In the entries below, find the line with "Anillo ajustable círculos" and the line with "在三个月的时间里,总共向司机开出了 376,316 次罚款,超过"; reproduce those two lines and all lines between them exactly, without pictures.

Recorded data:
==========
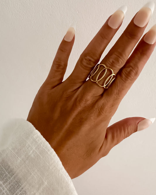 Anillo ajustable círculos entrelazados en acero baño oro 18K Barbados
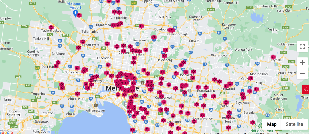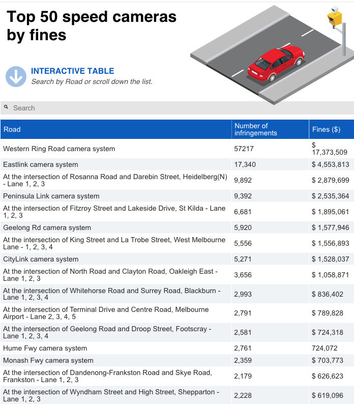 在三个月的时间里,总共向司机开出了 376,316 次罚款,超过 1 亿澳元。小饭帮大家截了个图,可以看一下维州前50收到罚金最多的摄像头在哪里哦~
==========
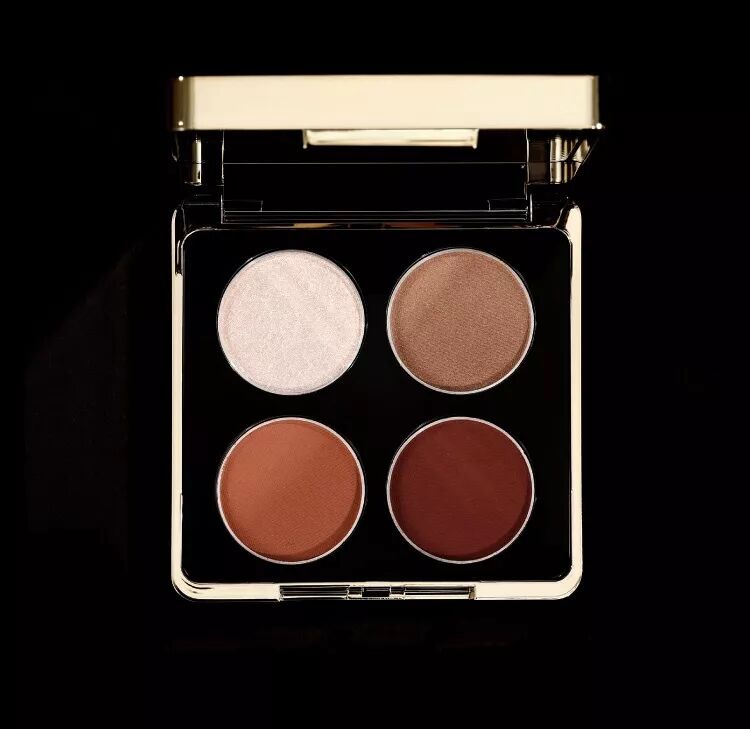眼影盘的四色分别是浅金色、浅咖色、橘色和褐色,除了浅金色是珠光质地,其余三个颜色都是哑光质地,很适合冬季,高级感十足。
==========
Answer to the problem:
 Anillo ajustable círculos entrelazados en acero baño oro 18K Barbados
 在三个月的时间里,总共向司机开出了 376,316 次罚款,超过 1 亿澳元。小饭帮大家截了个图,可以看一下维州前50收到罚金最多的摄像头在哪里哦~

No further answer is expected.